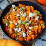 wie man Kürbis-Hackfleisch-Pfanne mit Feta serviert
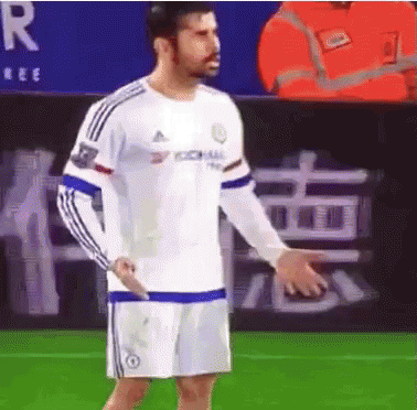 Chelsea player Diego Costa reacts on the field during a football match, gesturing with his hands.
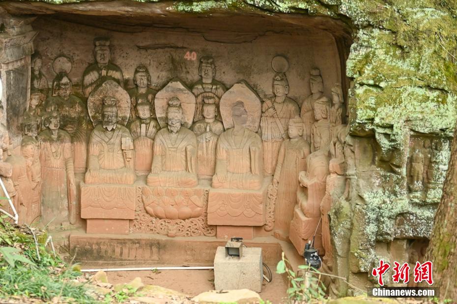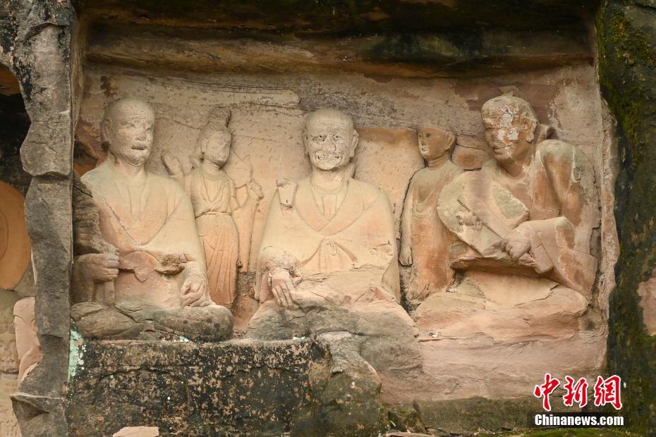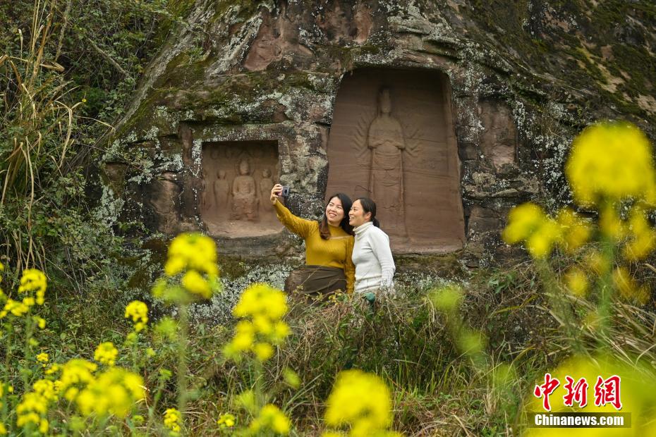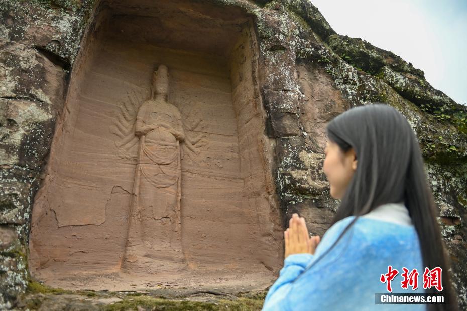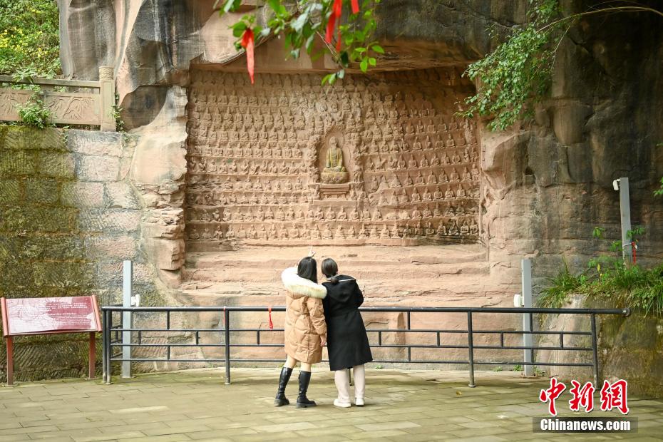 石窟群位于龙泉山脉中段东侧边沿,由观音堂、坛神岩造像群和玉皇庙三部分组成,已编号建档101龛,1519尊。图为游客驻足欣赏镌刻精美的“千佛”。(图片来源:本文图片均来自中新网)
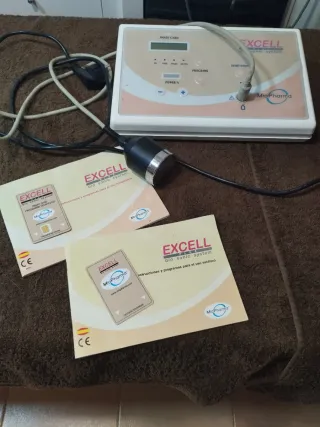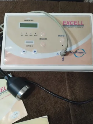 Sistema de ultrasonido para uso terapéutico y estético. Para uso del dolr, inflamación ..y rejuvenecimiento, limpieza facial... Tiene los catálogos donde indica el programa y tratamiento que deseé. - Modelo Excell Plus. - Marca Mia Pharma. - Pantalla digital. - Controles de programa y potencia.
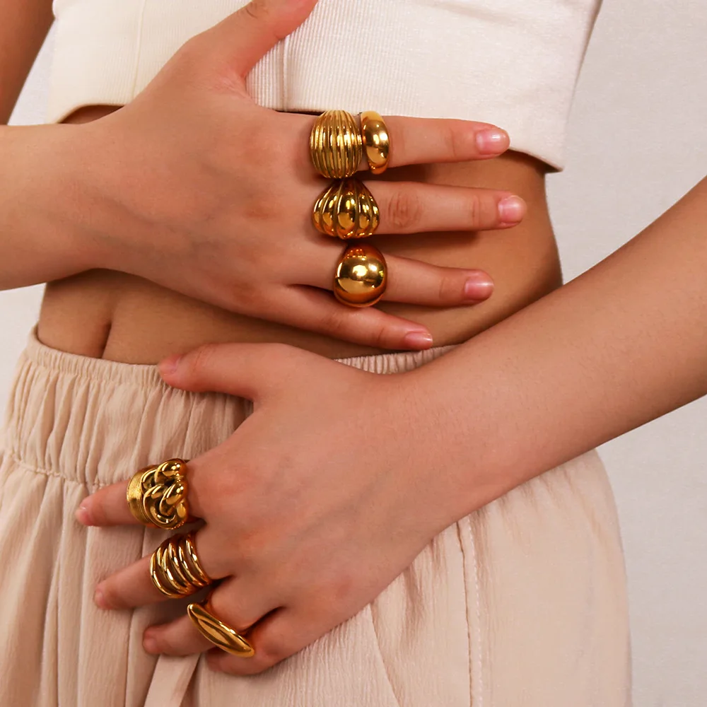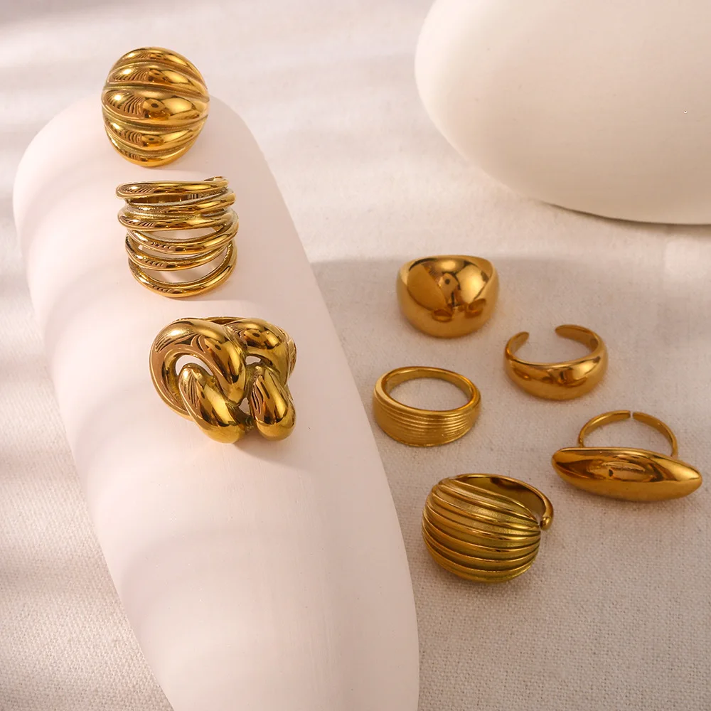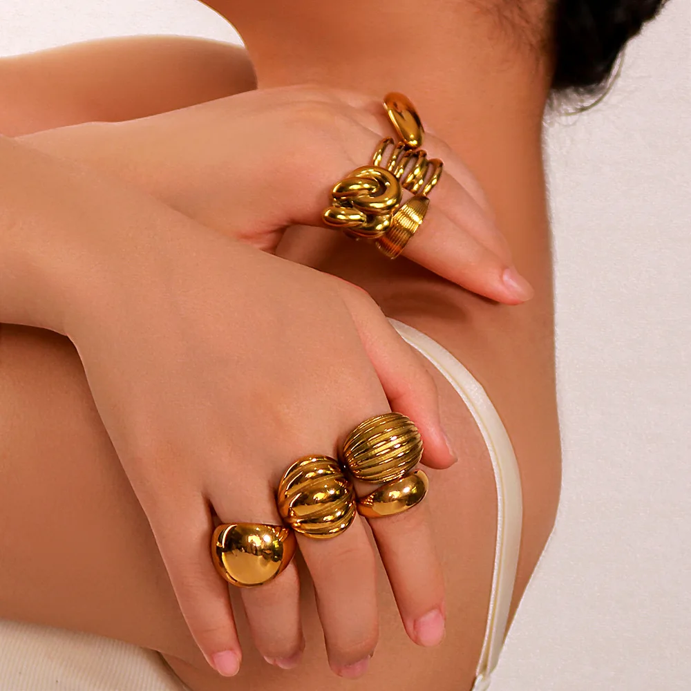 MW New Hot Sales 18K Gold Chunky Baguette Open Finger Knuckle Ring Ball Fried Dough Twists Winding Irregular Style Fashion Ring
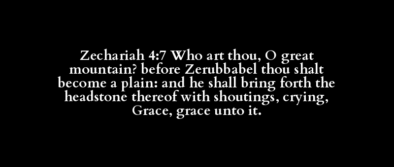 Zechariah 4:7 Who art thou, O great mountain? before Zerubbabel thou shalt become a plain: and he shall bring forth the headstone thereof with shoutings, crying, Grace, grace unto it.
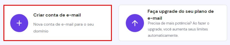 Para adicionar uma nova conta de e-mail, clique em Criar conta de e-mail :
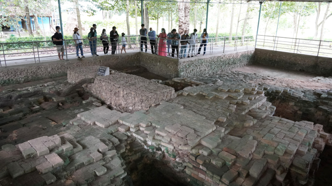 Khách tham quan di tích Óc Eo tại Gò Tháp (Tháp Mười, Đồng Tháp). Ảnh: Hoàng NamCách trung tâm TP Tân An khoảng 70 km, du khách đến điểm dừng chân đầu tiên: Di tích Gò Tháp, thuộc địa bàn hai xã Mỹ Hòa và Tân Kiều, huyện Tháp Mười. Đây là một trong 34 di tích quốc gia đặc biệt của Việt Nam và là một trong hai di tích lịch sử và khảo cổ quan trọng trong cả nước. Hành trình tiếp tục từ Gò Tháp Mười, Miếu bà Chúa xứ, Gò Minh Sư, Chùa Tháp Linh dọc theo những con đường lát đá cổ kính, rêu phong, dưới bóng mát của những thân cây hàng trăm năm tuổi như trôm, sao, dầu.
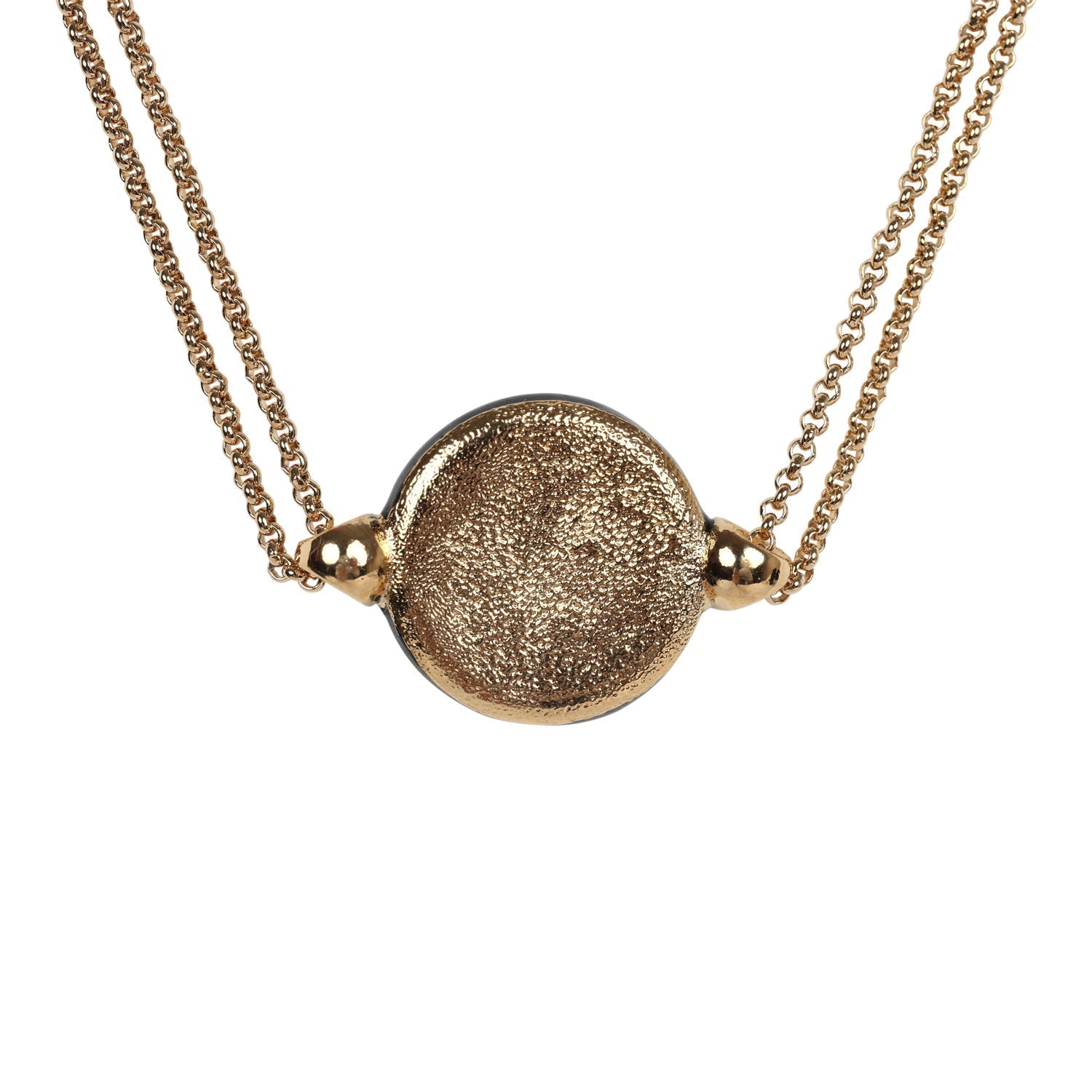 Chanel Round CC Enamel Pendant Choker Necklace Black/White Gold Hardware
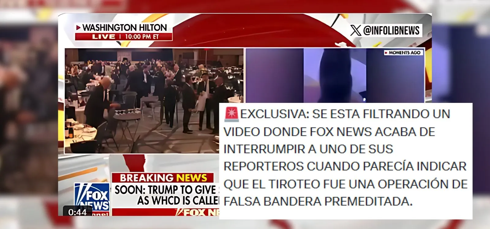 Circula un vídeo de una intervención de la corresponsal de Fox News en la Casa Blanca Aishah Hasnie el 26 de abril de 2026, tras el tiroteo en la Cena de Corresponsales de la Casa Blanca. En la intervención Hasnie cuenta que el marido de Karoline Leavitt, portavoz de la Casa Blanca, estaba sentado junto a ella y le dijo que tuviera “mucho cuidado”. La conexión se corta cuando Hasnie añade que él miró alrededor de la sala y dijo: “there are some…” (“hay algunos…”). Hay quien está utilizando en redes ese corte en la llamada de la corresponsal para decir que Fox silenciaba así a su reportera cuando iba a denunciar que el tiroteo había sido un ataque de falsa bandera o premeditado.
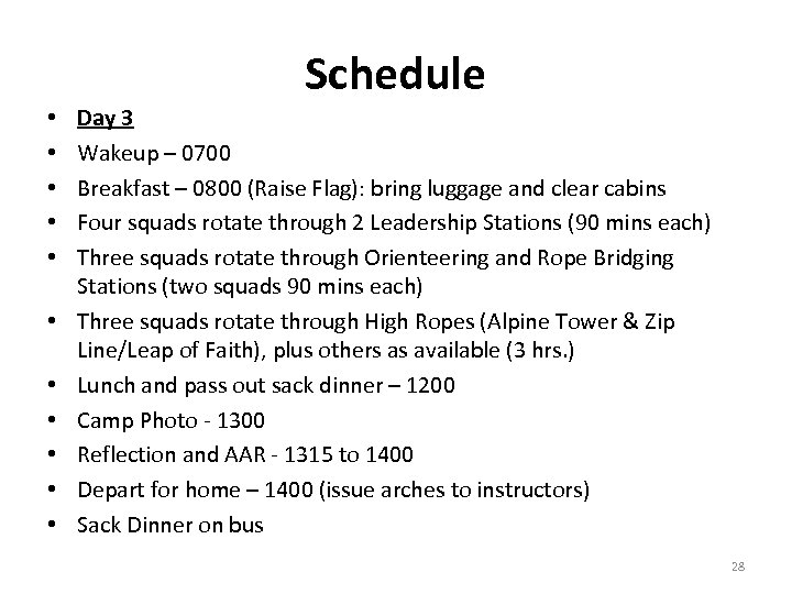 • • • • Schedule Day 2: Wakeup – 0700 Breakfast – 0800 (Raise Flag) Three squads rotate through 2 Leadership Stations (90 mins each) Three squads rotate through Orienteering and Rope Bridging Stations (two squads 90 mins each) Four squads rotate through High Ropes (Alpine Tower & Zip Line/Leap of Faith), plus others as available (3 hrs. ) Lunch – 1200 Three squads rotate through 2 Leadership Stations (90 mins each) Four squads rotate through Orienteering and Rope Bridging Stations (two squads 90 mins each) Three squads rotate through High Ropes (Alpine Tower & Zip Line/Leap of Faith), plus others as available (3 hrs. ) Dinner – 1700 (Retreat Flag) Camp Fire/Skits – 1900 to 2100 (by cabin) Lights out - 2200 27
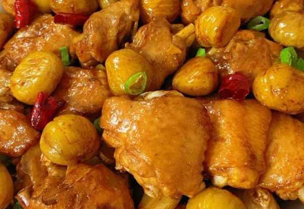 4、然后放入板栗仁和适量热水没过食材,盖上盖子焖煮半个小时。焖煮好了之后,夹出香料,开大火翻炒收汁,撒上葱花即可出锅装盘开吃。
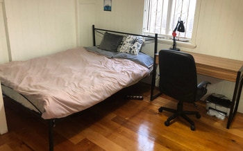 As you can see in the floor plan, there is a seperate master bedroom with ensuite and balcony on the top level of the home that will be for rent. This room has a double built in cupboard, reverse cycle air conditioning, private balcony, queen bed ensemble, bedside tables, lamp and desk with chair. The common areas include a lounge room and kitchen on the lower level that is shared and is completely fitted out with kitchen and dining wear including air fryer, coffee pod machine, rice cooker, convection oven, microwave, fridge, pots and pans, cutlery and crockery ect. The apartment complex also has a pool, sauna, gym, study space and large garden area with bbq and outdoor dinning. Heaps of restaurants and facilities attached to the building including a Woolworths, Asian grocer, discount store, pharmacy, pathology, GP and more. Public transport easily accessible- bus stops across from the lobby and QUT (2 streets over). Quick uber into the city (approx 7-10 mins).

——————————

TASK TO CARRY OUT:
Everything from the line containing "4、然后放入板栗仁和适量热水" through the last line of the entries must be repeated verbatim, except pictures.

WRITTEN RESPONSE:
 4、然后放入板栗仁和适量热水没过食材,盖上盖子焖煮半个小时。焖煮好了之后,夹出香料,开大火翻炒收汁,撒上葱花即可出锅装盘开吃。
 As you can see in the floor plan, there is a seperate master bedroom with ensuite and balcony on the top level of the home that will be for rent. This room has a double built in cupboard, reverse cycle air conditioning, private balcony, queen bed ensemble, bedside tables, lamp and desk with chair. The common areas include a lounge room and kitchen on the lower level that is shared and is completely fitted out with kitchen and dining wear including air fryer, coffee pod machine, rice cooker, convection oven, microwave, fridge, pots and pans, cutlery and crockery ect. The apartment complex also has a pool, sauna, gym, study space and large garden area with bbq and outdoor dinning. Heaps of restaurants and facilities attached to the building including a Woolworths, Asian grocer, discount store, pharmacy, pathology, GP and more. Public transport easily accessible- bus stops across from the lobby and QUT (2 streets over). Quick uber into the city (approx 7-10 mins).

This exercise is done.